I am practicing on extracting data from Reddit. I have tried to obtain the 20 most relevant communities that contain the word "sport". There are hundreds of them, but my API request gave me back not even 20 of them. Do you know why?
Here is the code:
parameters = {'query': 'sport', "limit":20, 'sort':'relevance'}
res = requests.get("https://oauth.reddit.com//api/search_reddit_names", headers=headers, params=parameters)
res.json()
output:
{'names': ['sports',
'sportsbook',
'sportsarefun',
'sportsbetting',
'SportsFR',
'sportscards',
'SportsPorn',
'SportingCP',
'Sports_Women']}
As seen in the Reddit API Docs,
GET /api/search_reddit_names
- List subreddit names that begin with a query string.
This difference between "begins with" and "contains" is probably the cause of your problem.

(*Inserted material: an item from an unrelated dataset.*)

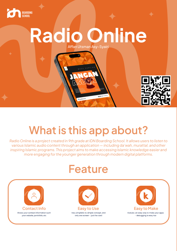 And,Hi everyone, This is my project in IT Lesson to accomplish the target, this project i have to make a Design and code in Kodular. My project name is “Radio Online”.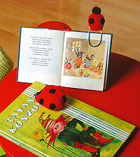 A plüsskaticával díszített széles gumival még a gyerekkezek is egy mozdulattal a borítóhoz tudják fogni a már elolvasott oldalakat, s utána a kis pettyes bogárka együtt pihenhet a könyvvel. Az óriási gemkapocsra varrt katica pedig egyszerűen a lapokra tűzhető.

From a quick glance at the API, I haven't found a suitable function for your needs.
EDIT:
you could use a different API, specifically for search.
import requests
# Set the URL endpoint for the API request
url = "https://www.reddit.com/subreddits/search.json"
# Set the parameters for the API request
search_param = "sport"
params = {
"q": search_param, # Search query
"limit": 100, # Maximum number of results to retrieve
"type": "sr" # Limit search to subreddits
}
# Send the API request
response = requests.get(url, params=params)
# Check if the request was successful (status code 200)
if response.status_code == 200:
# Extract the JSON data from the response
data = response.json()
# Extract the list of subreddits from the JSON data
subreddits = [item["data"]["display_name"] for item in data["data"]["children"]]
# Print the list of subreddits
print(f"Subreddits containing '{search_param}':")
for subreddit in subreddits:
print(subreddit)
else:
print("An error occurred while retrieving the data. Status code:", response.status_code)
That outputs:
Subreddits containing 'sport':
sport
soccer
sports
BroncoSport
AskReddit
nba
sportsbetting
formula1
baseball
leagueoflegends
sportsbook
teenagers
Dualsport
sportvids
SportWagon
nfl
CFB
OriginSport
sportsarefun
hockey
granturismo
weightlifting
football
unpopularopinion
MMA
GranTurismoSport
...
As you can see, many don't contain 'sport', so you're gonna have to filter some more.
E.g., in the for subreddit in subreddits
:
if search_param in subreddit:
or in the loop comprehension beforehand.